Here are what the pleadings in the case say - for those of you who are interested. Again, these are pleadings, not determined facts:

1. Per the Insurance Companies' original petition - "..the Vessel was cruising in the vicinity of Defendant's Nansen Spar oil rig (Nansen Rig) and unkowingly [hit] its unlit private navigation aid buoy located in the Gulf of Mexico. The [V]essel was at an approximate distance of 1,500 feet from the Nansen [R]ig..... Despite the fact the Defendants' private aid (buoy) to navigation was approximately 1,500 feet off its rig, the buoy was unlit an[d] affixed to the Nansen [R]ig by an unmarked and floating Kevlar line... Without any warning, at least one of the vessel's propellers was caught by the unmarked floating Kevlar line.. which caused the propeller and its shaft to be ripped out of the Vessel allowing sea water to rush in at a rate which overwhelmed the Vessel's bilge pumps... Defendants' employees who investigated the loss... found the Vessel's propeller and shaft still attached and hanging onto the unmarked floating Kevlar line mentioned above..."

2. the suit is for a stated amount of $124,978 dollars as brought by the insurance companies for what was apparently paid out in the claim.

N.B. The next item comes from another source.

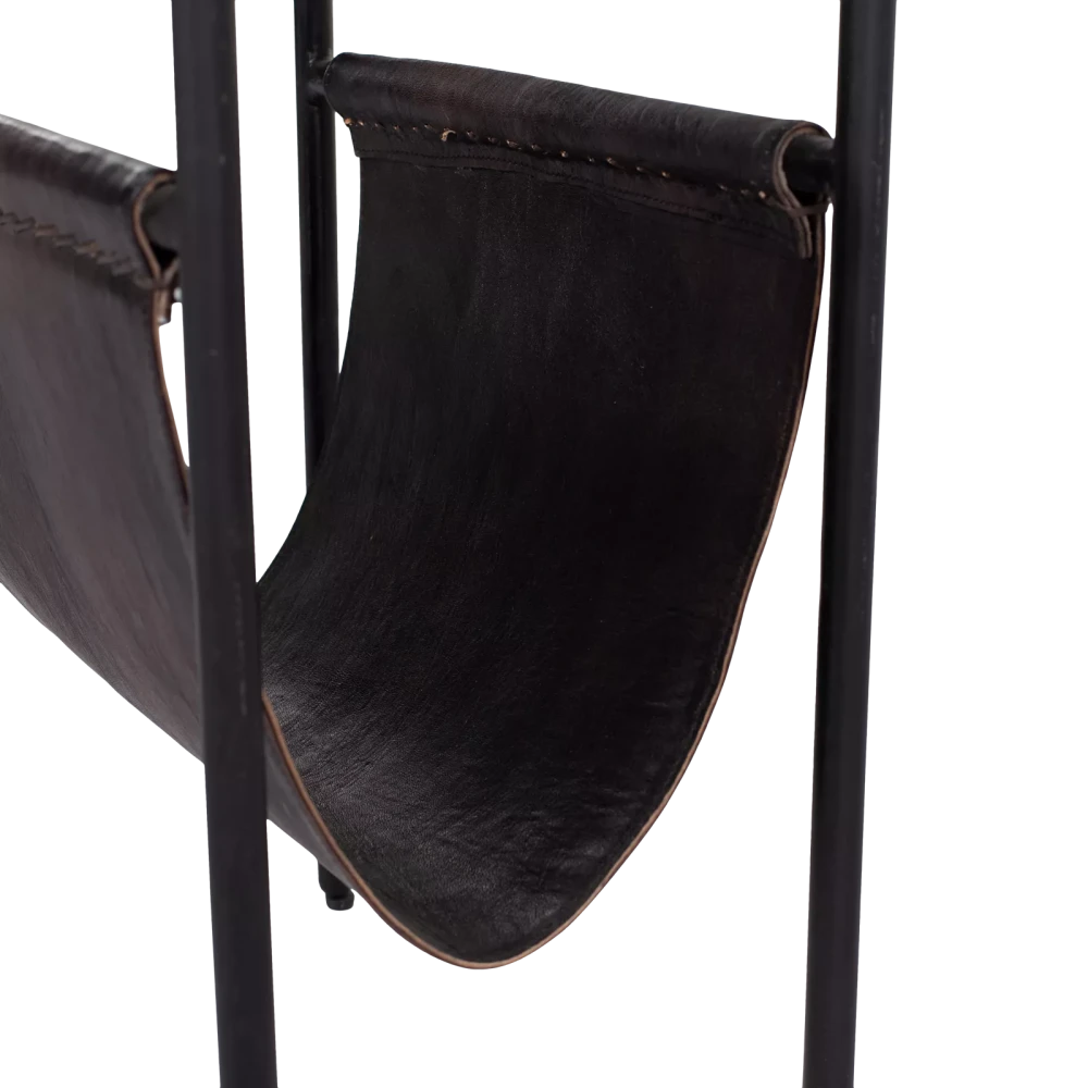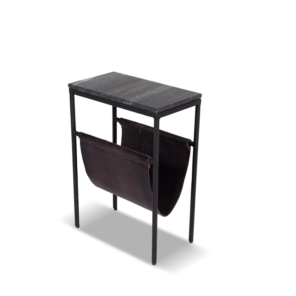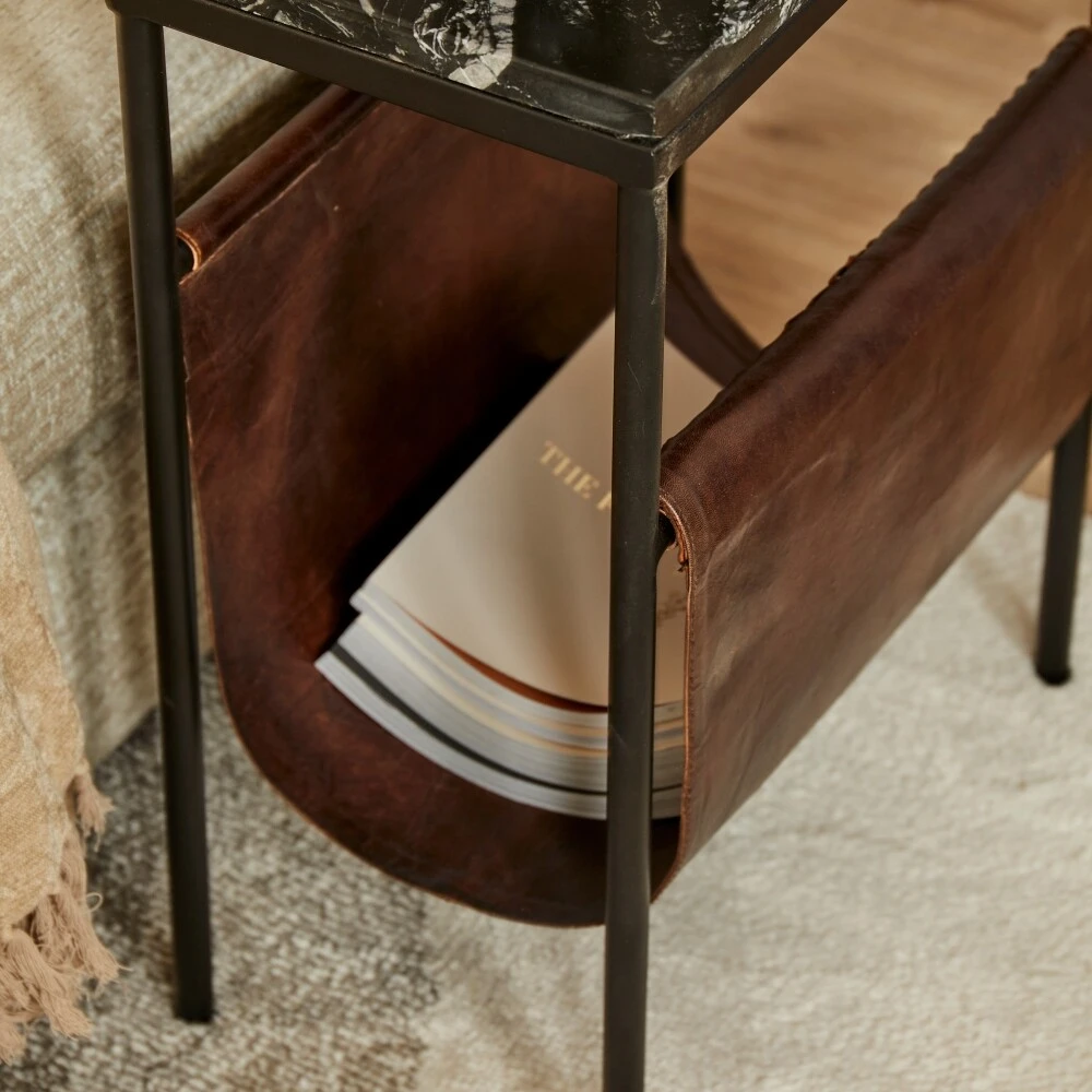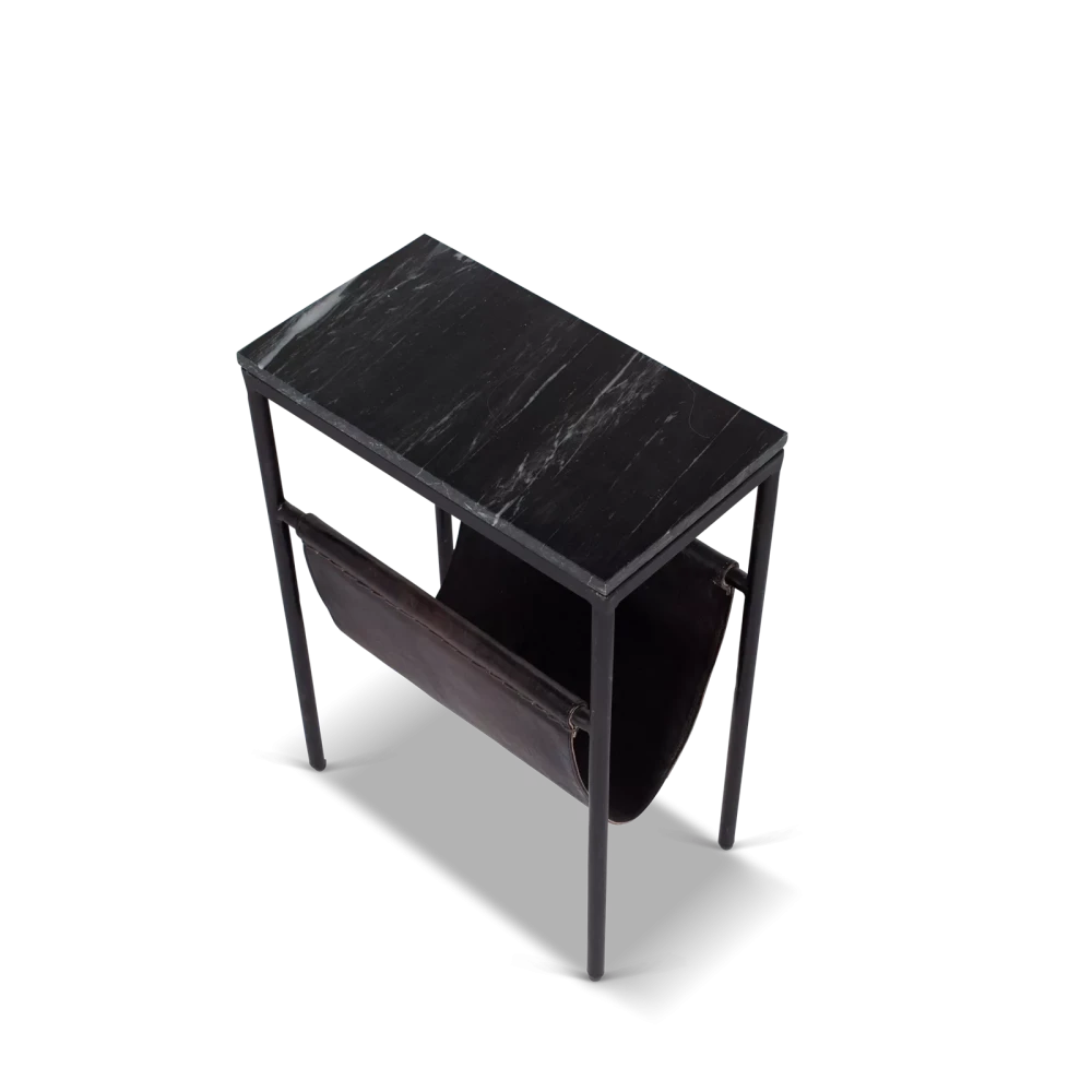 Der Beistelltisch Bow wird aus verschiedenen Materialien hergestellt. Das Gestell ist aus schwarzem Stahl gefertigt. Das Gestell ist mit einer platte aus dunklem Marmor versehen. Dank des robusten, dunkelbraunen Leders ist Bow auch als Zeitschriftenhalter verwendbar. Durch die Verwendung verschiedener Materialien passt Bow gut in moderne, industrielle oder auch rustikale Wohnstile.

3. the owners of the vessel have intervened and sued for the difference in the replacement cost (alleged as $625,000.00 and the claim paid i.e. $125,000.00, plus a few other incidentals) The owners claim they were 600 feet from the rig.

4. Kerr admits the mooring buoy was unlit and admits it was connected to the rig by line... Kerr denies pretty much everything else and asserts the Vessel was being operated in an unsafe manner.

5. Looks like the passengers on the vessel are intervening in the case. One of whom claims he had "a very serious surgical procedure" to repair "massive internal injuries". Their claims against the owner of the vessel are more in terms of 'this is what Kerr alleges happened"... i.e. its a vague allegation based on "information and belief" rather than direct assertion of negligence against the boat owners. In other words, they make the allegation because that's what Kerr states happened and probably because if the owner is found at fault, there may be some other liability insurance which may cover things like hospital bills etc. The rest of the passengers are suing for unspecified personal injuries and lost property that has not been reimbursed by any insurance.

Okay guys, thats just what I got from looking at the pleadings real quick. I got other things to do but thought yall might be interested in hearing what has been alleged.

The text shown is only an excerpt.